Meta Oversight Board says manipulated video of Biden can stay on Facebook, recommends policy overhaul

A highly edited video of President Biden on Facebook will remain on the platform after an independent body that oversees Meta’s content moderation determined that the post does not violate the company’s policies, but the panel also criticized the company’s manipulated media policy as “incoherent and confusing.”

The video, posted in May 2023, was edited to make it appear as if Mr. Biden was repeatedly inappropriately touching his adult granddaughter’s chest. In the original video, taken in 2022, the president places an “I voted” sticker on his granddaughter after voting in the midterm elections. But the video under review by Meta’s Oversight Board was looped and edited into a seven-second clip that critics said left a misleading impression.

Meta’s Oversight Board, an independent group that oversees Meta’s content policies and can make binding decisions on whether content is removed or left up, said that the video did not violate Meta’s policies because the video was not altered with artificial intelligence and does not show Mr. Biden “saying words he did not say” or “doing something he did not do.” 

A human content reviewer at Meta left the video up after it was reported to the company as hate speech. After an appeal to the Oversight Board, the board took it up for review. 

While the Oversight Board ruled the video can remain on the site, it argued in a set of non-binding recommendations that Meta’s current policy regarding manipulated content should be “reconsidered.” The board called the company’s current policy on the issue “incoherent, lacking in persuasive justification and inappropriately focused on how content is created, rather than on which specific harms it aims to prevent, such as disrupting electoral processes.” 

The board also recommended Meta should begin labeling manipulated media that does not violate its policies, and that it should include manipulated audio and edited videos showing people “doing things they did not do” as violations of the manipulated media policy.

“Meta needs to calibrate the Manipulated Media policy to the real world harms it seeks to prevent. The company should be clear about what those harms are, for example incitement to violence or misleading people about information needed to vote, and enforce the policy against them,” Oversight Board Co-Chair Michael McConnell said in a statement to CBS News. 

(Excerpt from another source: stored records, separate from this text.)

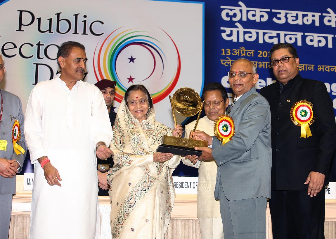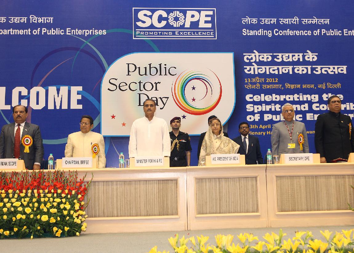 | Caption: | The President of India, Smt Pratibha Devisingh Patil during the Presentation Ceremony of the SCOPE Meritorious Awards on the occasion of the Annual Public Sector Day Celebration at Vigyan Bhawan in New Delhi on April 13, 2012 |
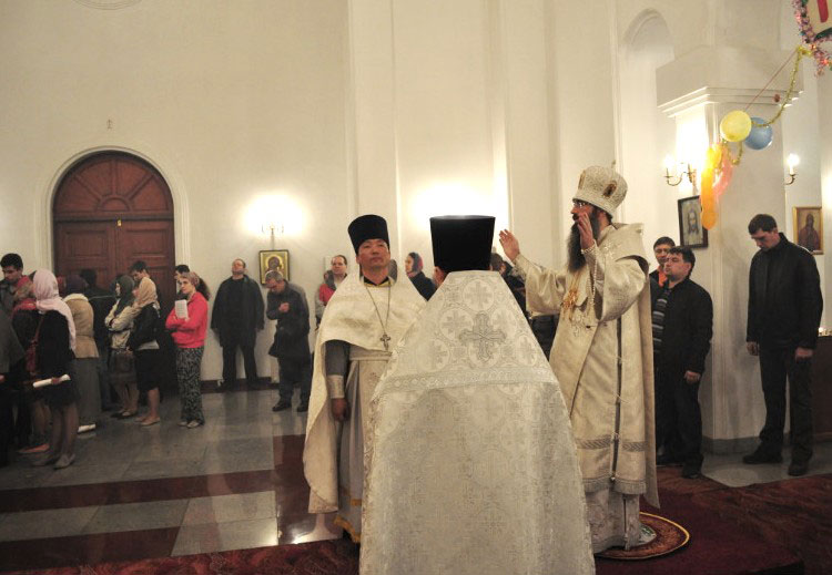 Владыка Иннокентий и сопровождавшие его члены делегации, вместе с корейскими священнослужителями о. Феодором Ким и о. Иоанном Ра, совершили в эти Пасхальные дни следующие праздничные богослужения: 14 апреля – Литургия Великой Субботы; 15 апреля – Пасхальная Литургия; 16 апреля – Литургия в Светлый понедельник. Эти службы прошли в Свято-Троицком храме г. Пхеньяна. Кроме этого, 18 апреля в молитвенной комнате при Посольстве Российской Федерации в КНДР была совершена Пасхальная утреня.
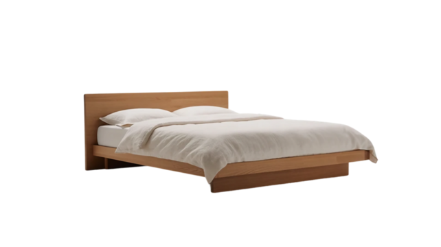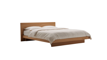 Cozy and luxurious, a comfortable double bed with a white comforter and pillows awaits in a modern bedroom interior
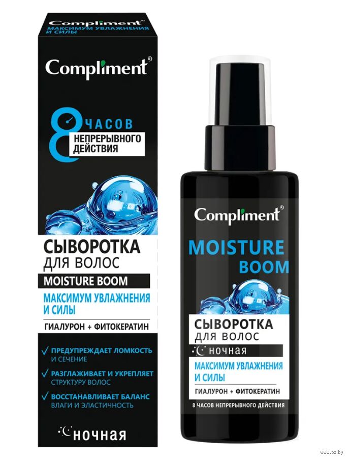 Ночная сыворотка для волос Compliment "Moisture Boom" восполняет потерю питательных веществ и влаги, утраченных в дневное время под воздействием внешних факторов. На протяжении 8 часов обеспечивает постепенное проникновение активных компонентов, увлажнение и укрепление структуры волоса.
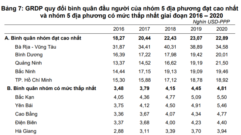 Dù vậy, Tổng cục Thống kê cho rằng do GRDP quy đổi bình quân đầu người của các địa phương được tính trên cơ sở chuyển đổi GRDP với cùng hệ số, không loại trừ được sự khác biệt về thu nhập ròng của lao động thường trú và thu nhập sở hữu từ bên ngoài giữa các địa phương.
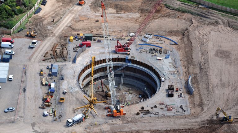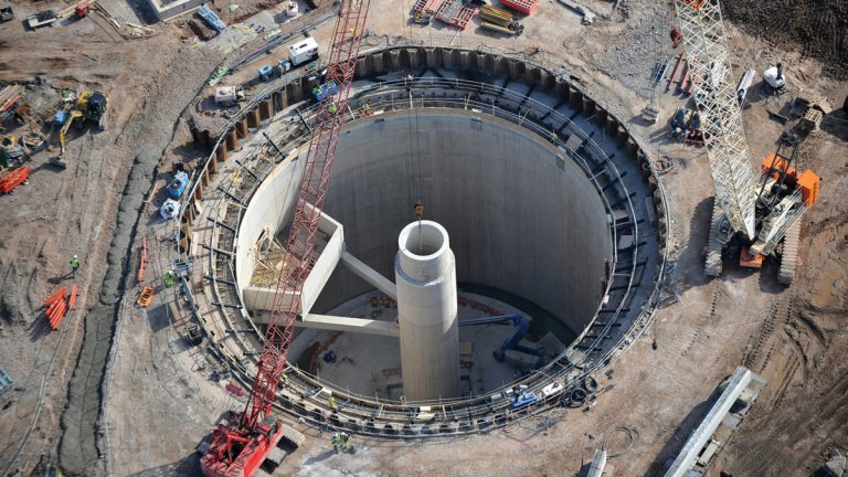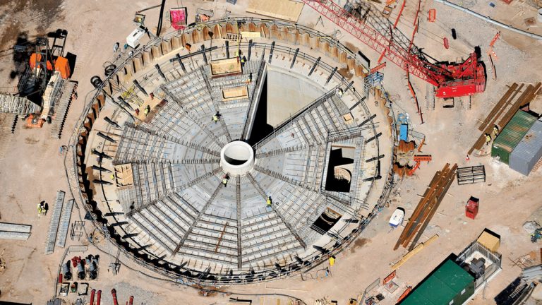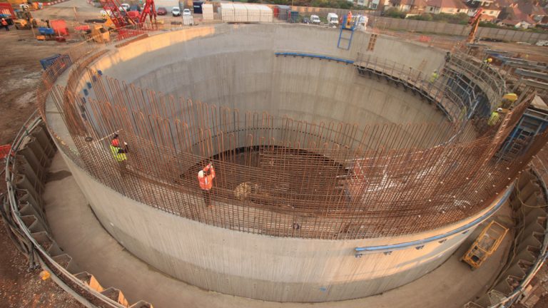 The base was cast in four pours, two for the 5m deep structural base and two for the 1.7m deep benching. Careful consideration was paid to the concrete specification to account for heat generation and to achieve the required durability criteria. Four concrete suppliers were used to mitigate supply risks.

“In most cases Meta could prevent harms caused by people being misled by altered content through less restrictive means than removals, which is why we are urging the company to attach labels that would provide context about the authenticity of posts. This would allow for greater protection of free expression,” McConnell added.

“We are reviewing the Oversight Board’s guidance and will respond publicly to their recommendations within 60 days in accordance with the bylaws,” a Meta spokesperson wrote in a statement to CBS News. 

The board’s decision was released just a few days after Meta CEO Mark Zuckerberg and other tech company leaders testified before a Senate Judiciary Committee hearing about the impact of social media on children.

And it comes as AI and other editing tools make it easier than ever for users to alter or fabricate realistic-seeming video and audio clips. Ahead of last month’s New Hampshire primary, a fake robocall impersonating President Biden encouraged Democrats not to vote, raising concerns about misinformation and voter suppression going into November’s general election.

McConnell also warned that the Oversight Board is watching how Meta handles content relating to election integrity going into this year’s elections, after the board recommended the company develop a framework for evaluating false and misleading claims around how elections are handled in the U.S. and globally. 

“Platforms should keep their foot on the gas beyond election day and into the post-election periods where ballots are still being counted, votes are being certified, and power is being transitioned,” McConnell told CBS News. “Challenging an election’s integrity is generally considered protected speech, but in some circumstances, widespread claims attempting to undermine elections, such as what we saw in Brazil [in 2023], can lead to violence.”